Cardio Flow, Inc. is a medical device manufacturer specializing in orbital atherectomy systems for the treatment of peripheral artery disease (PAD). The company's flagship product, FreedomFlow, is a modern atherectomy platform featuring diamond-coated rotating spheres designed to efficiently treat complex vascular lesions across a wide range of vessel diameters (2 mm to 8 mm). The platform offers multiple catheter configurations (5 Fr and 6 Fr variants with 3- or 5-sphere driveshafts), adjustable rotational speeds (50K–76K RPM), and single-device versatility for treating multiple blockages and vessel types from ankle to hip. FreedomFlow is designed for use in hospital operating rooms, ambulatory surgery centers, and office-based interventional labs, emphasizing workflow optimization, reduced capital costs, minimal inventory requirements, and rapid physician adoption with a shallow learning curve.

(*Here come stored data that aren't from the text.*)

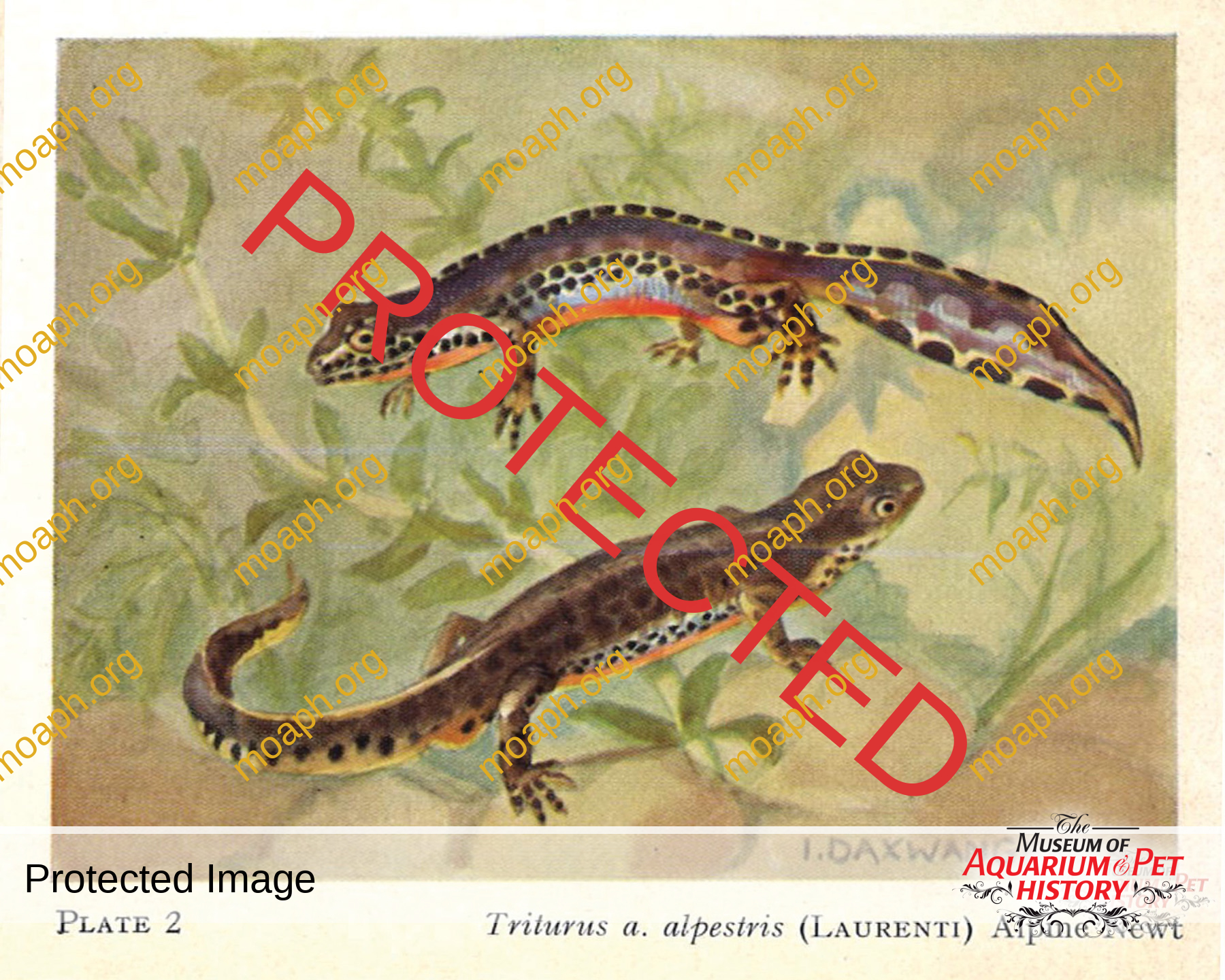 It is the most beautiful water salamander, far more beautiful than the previous one, with which it was otherwise probably confused. But it differs very clearly in that it only has a moderately long, broad, and blunt tail, its underbody is a solid orange-red, and it has a light blue stripe with nice black dots on the sides of its body, which is not so obvious on the female, and that all you can see on the male when he is in the water is a low toothless dorsal crest.
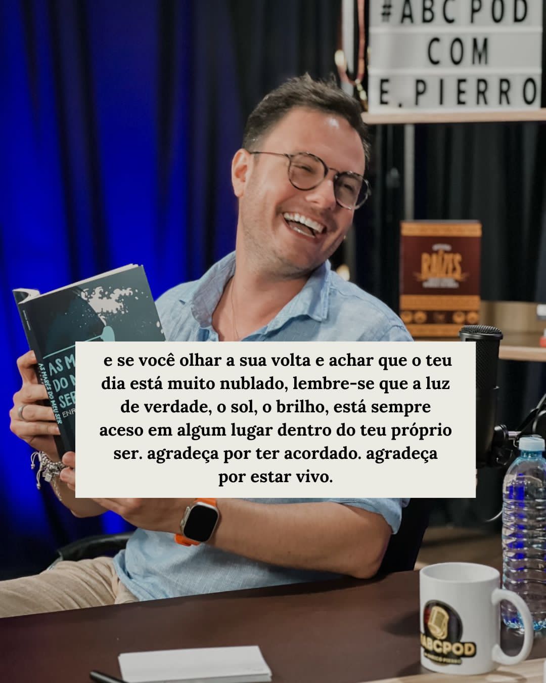 e se você olhar a sua volta e achar que o teu dia está muito nublado, lembre-se que a luz de verdade, o sol, o brilho, está sempre aceso em algum lugar dentro do teu próprio ser. agradeça por ter acordado. agradeça por estar vivo. agradeça por ter lido esse texto. agradeça porque amanhã é e sempre será um novo dia. ah, e eu já ia me esquecendo, se você chegou até aqui, obrigado por ter lido. eu sou o enrico pierro e te vejo aqui na próxima semana.
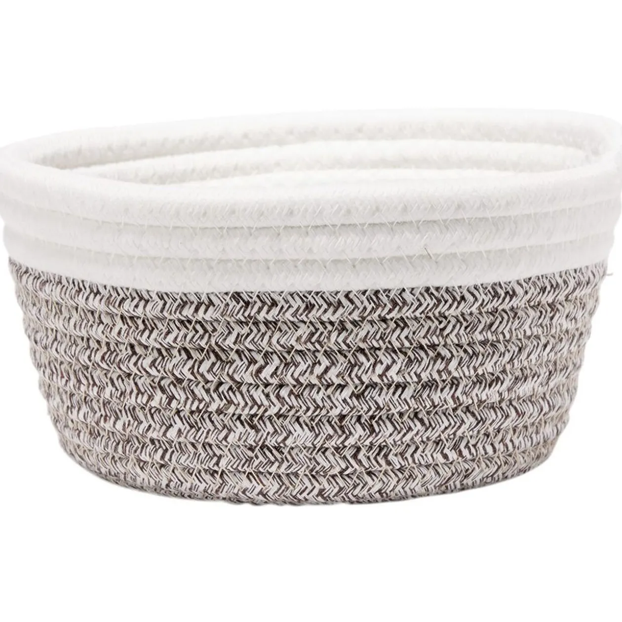 Panière ronde en coton tressé, décorative et pratique pour le rangement de vos accessoires du quotidien.
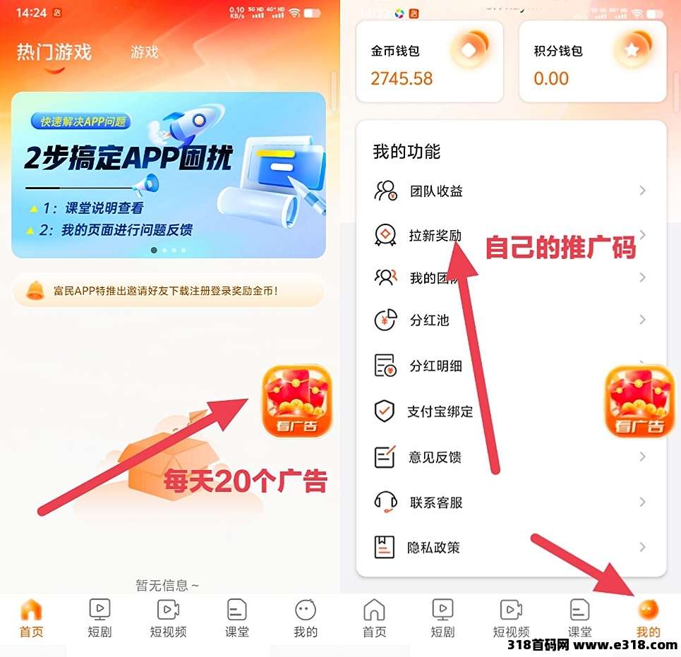 首码【富民】零撸广告赚,不养机保底收益高,一天轻松几十块,每天保底20个广告,新人奖励2米,保底,顶包1元,1元起瑅,绿色最新模式,

NeoChord, Inc. is a privately held medical technology company specializing in beating heart mitral valve repair. The company manufactures the NeoChord Artificial Chordae Delivery System (Model DS1000), an echo-guided, minimally invasive treatment for patients with mitral valve regurgitation. The device enables direct repair of the mitral valve on a beating heart without requiring cardiopulmonary bypass, preserving the valve structure and future treatment options. The system uses artificial chords deployed via transapical access under echocardiographic guidance. NeoChord's technology improves procedural control, restores mitral valve function, and has been evaluated in multiple clinical studies across numerous countries. The company holds CE marking conformity under European Medical Device Regulation (MDR) 2017/745. In the United States, the device is investigational and limited to investigational use by federal law. NeoChord serves cardiac surgeons, interventional cardiologists, and cardiac care centers treating mitral valve disease. The company maintains a focus on clinical evidence generation, with multiple peer-reviewed publications documenting feasibility, safety, and efficacy of the procedure, including novel applications such as re-repair and use in complex anatomies.